● **Data section**
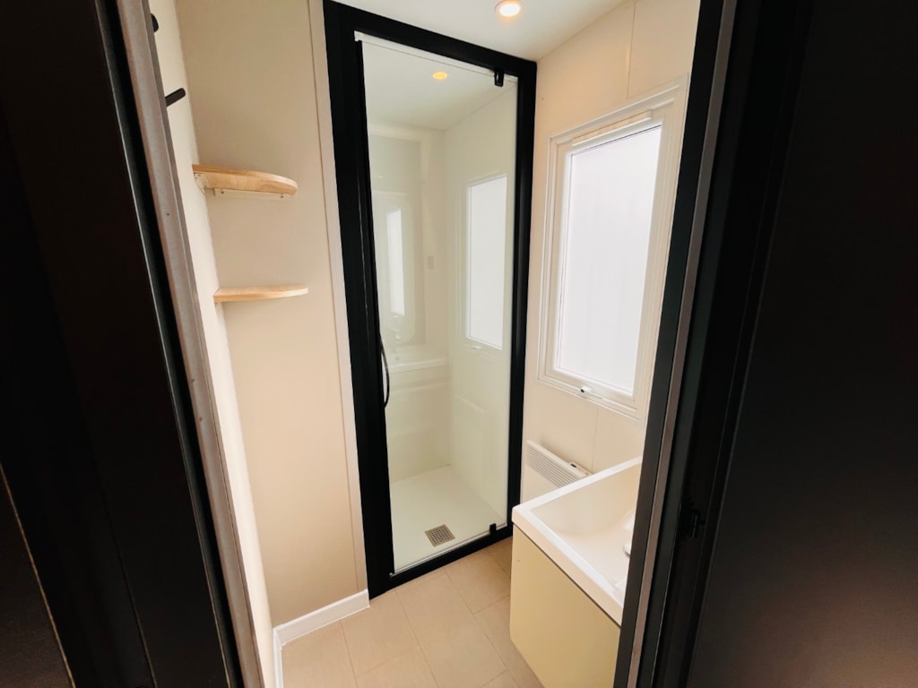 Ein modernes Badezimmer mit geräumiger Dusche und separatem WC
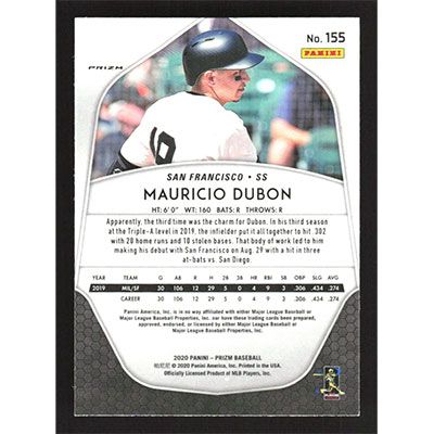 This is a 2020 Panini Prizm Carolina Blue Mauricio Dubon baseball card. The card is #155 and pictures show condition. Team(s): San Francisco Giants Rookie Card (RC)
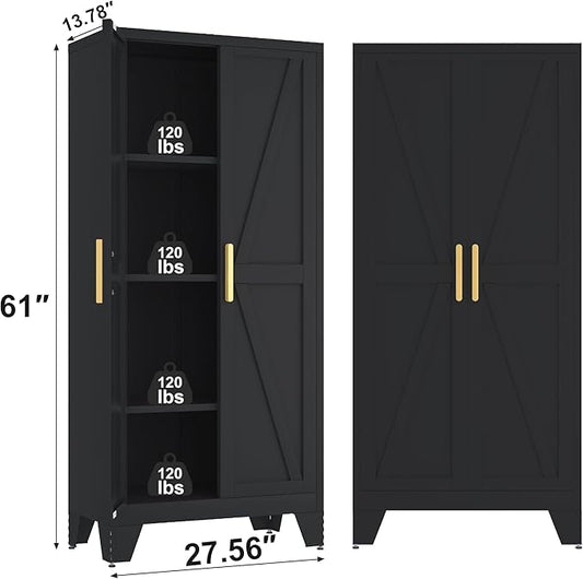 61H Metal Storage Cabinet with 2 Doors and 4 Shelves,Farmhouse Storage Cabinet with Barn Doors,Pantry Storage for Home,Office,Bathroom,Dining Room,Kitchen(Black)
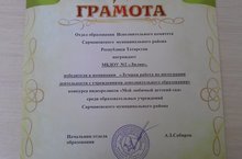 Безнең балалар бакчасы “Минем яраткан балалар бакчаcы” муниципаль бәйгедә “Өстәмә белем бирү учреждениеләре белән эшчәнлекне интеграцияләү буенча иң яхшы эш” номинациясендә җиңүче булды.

● **Task to complete**
Copy out all of the material exactly as written, without its pictures.

● **Result for this exercise**
 Ein modernes Badezimmer mit geräumiger Dusche und separatem WC
 This is a 2020 Panini Prizm Carolina Blue Mauricio Dubon baseball card. The card is #155 and pictures show condition. Team(s): San Francisco Giants Rookie Card (RC)
 61H Metal Storage Cabinet with 2 Doors and 4 Shelves,Farmhouse Storage Cabinet with Barn Doors,Pantry Storage for Home,Office,Bathroom,Dining Room,Kitchen(Black)
 Безнең балалар бакчасы “Минем яраткан балалар бакчаcы” муниципаль бәйгедә “Өстәмә белем бирү учреждениеләре белән эшчәнлекне интеграцияләү буенча иң яхшы эш” номинациясендә җиңүче булды.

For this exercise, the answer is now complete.